Instructions for the task: Tell how many lines in the records contain the word "This"; the number alone is the answer.

Dataset content:

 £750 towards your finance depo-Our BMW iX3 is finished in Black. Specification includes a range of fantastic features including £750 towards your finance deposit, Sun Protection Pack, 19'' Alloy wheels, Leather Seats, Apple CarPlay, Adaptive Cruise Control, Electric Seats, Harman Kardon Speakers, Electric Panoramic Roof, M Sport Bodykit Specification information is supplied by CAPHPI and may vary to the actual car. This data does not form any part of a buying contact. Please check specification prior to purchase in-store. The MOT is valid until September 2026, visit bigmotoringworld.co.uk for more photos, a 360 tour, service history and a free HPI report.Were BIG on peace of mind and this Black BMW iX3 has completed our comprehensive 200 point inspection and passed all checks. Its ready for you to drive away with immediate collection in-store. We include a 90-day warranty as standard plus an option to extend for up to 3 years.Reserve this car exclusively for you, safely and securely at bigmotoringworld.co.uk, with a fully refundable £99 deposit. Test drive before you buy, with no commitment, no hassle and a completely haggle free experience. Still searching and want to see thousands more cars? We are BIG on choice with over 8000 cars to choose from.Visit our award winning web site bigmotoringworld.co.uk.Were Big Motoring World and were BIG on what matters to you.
...
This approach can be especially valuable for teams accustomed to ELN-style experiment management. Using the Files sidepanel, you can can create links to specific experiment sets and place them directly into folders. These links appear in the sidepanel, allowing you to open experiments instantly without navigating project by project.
--
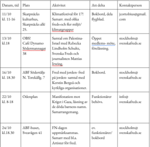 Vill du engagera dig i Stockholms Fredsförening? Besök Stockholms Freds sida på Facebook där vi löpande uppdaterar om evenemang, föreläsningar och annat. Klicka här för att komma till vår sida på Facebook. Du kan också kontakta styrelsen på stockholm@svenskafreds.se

Written response: 2